While you are already used to thinking of neural networks as "deep" in the sense that many layers separate the input and output even within a single time step, the length of the sequence introduces a new notion of depth. In addition to the passing through the network in the input-to-output direction, inputs at the first time step must pass through a chain of $T$ layers along the time steps in order to influence the output of the model at the final time step. Taking the backwards view, in each iteration, we backpropagate gradients through time, resulting in a chain of matrix-products of length $\mathcal{O}(T)$. As mentioned in :numref:sec_numerical_stability, this can result in numerical instability, causing the gradients either to explode or vanish, depending on the properties of the weight matrices.
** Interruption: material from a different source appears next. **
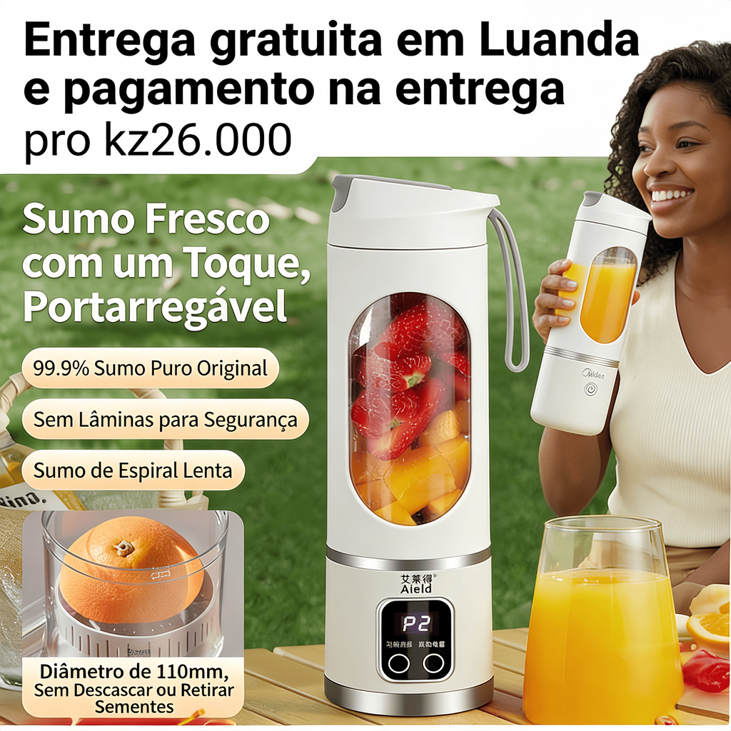 Bateria duradoura: Carrega 1 vez, serve pra fazer até 8 copos de sumo — não precisa ficar ligado na tomada o tempo todo.

Dealing with vanishing and exploding gradients is a fundamental problem when designing RNNs and has inspired some of the biggest advances in modern neural network architectures. In the next chapter, we will talk about specialized architectures that were designed in hopes of mitigating the vanishing gradient problem. However, even modern RNNs often suffer from exploding gradients. One inelegant but ubiquitous solution is to simply clip the gradients forcing the resulting "clipped" gradients to take smaller values.

Generally speaking, when optimizing some objective by gradient descent, we iteratively update the parameter of interest, say a vector $\mathbf{x}$, but pushing it in the direction of the negative gradient $\mathbf{g}$ (in stochastic gradient descent, we calculate this gradient on a randomly sampled minibatch). For example, with learning rate $\eta >0$, each update takes the form $\mathbf{x}\leftarrow \mathbf{x}-\eta \mathbf{g}$. Let's further assume that the objective function $f$ is sufficiently smooth. Formally, we say that the objective is Lipschitz continuous with constant $L$, meaning that for any $\mathbf{x}$ and $\mathbf{y}$, we have

$$|f(\mathbf{x})-f(\mathbf{y})|\le L\parallel \mathbf{x}-\mathbf{y}\parallel .$$

As you can see, when we update the parameter vector by subtracting $\eta \mathbf{g}$, the change in the value of the objective depends on the learning rate, the norm of the gradient and $L$ as follows:

$$|f(\mathbf{x})-f(\mathbf{x}-\eta \mathbf{g})|\le L\eta \parallel \mathbf{g}\parallel .$$

In other words, the objective cannot change by more than $L\eta \parallel \mathbf{g}\parallel$. Having a small value for this upper bound might be viewed as good or bad. On the downside, we are limiting the speed at which we can reduce the value of the objective. On the bright side, this limits by just how much we can go wrong in any one gradient step.

When we say that gradients explode, we mean that $\parallel \mathbf{g}\parallel$ becomes excessively large. In this worst case, we might do so much damage in a single gradient step that we could undo all of the progress made over the course of thousands of training iterations. When gradients can be so large, neural network training often diverges, failing to reduce the value of the objective. At other times, training eventually converges but is unstable owing to massive spikes in the loss.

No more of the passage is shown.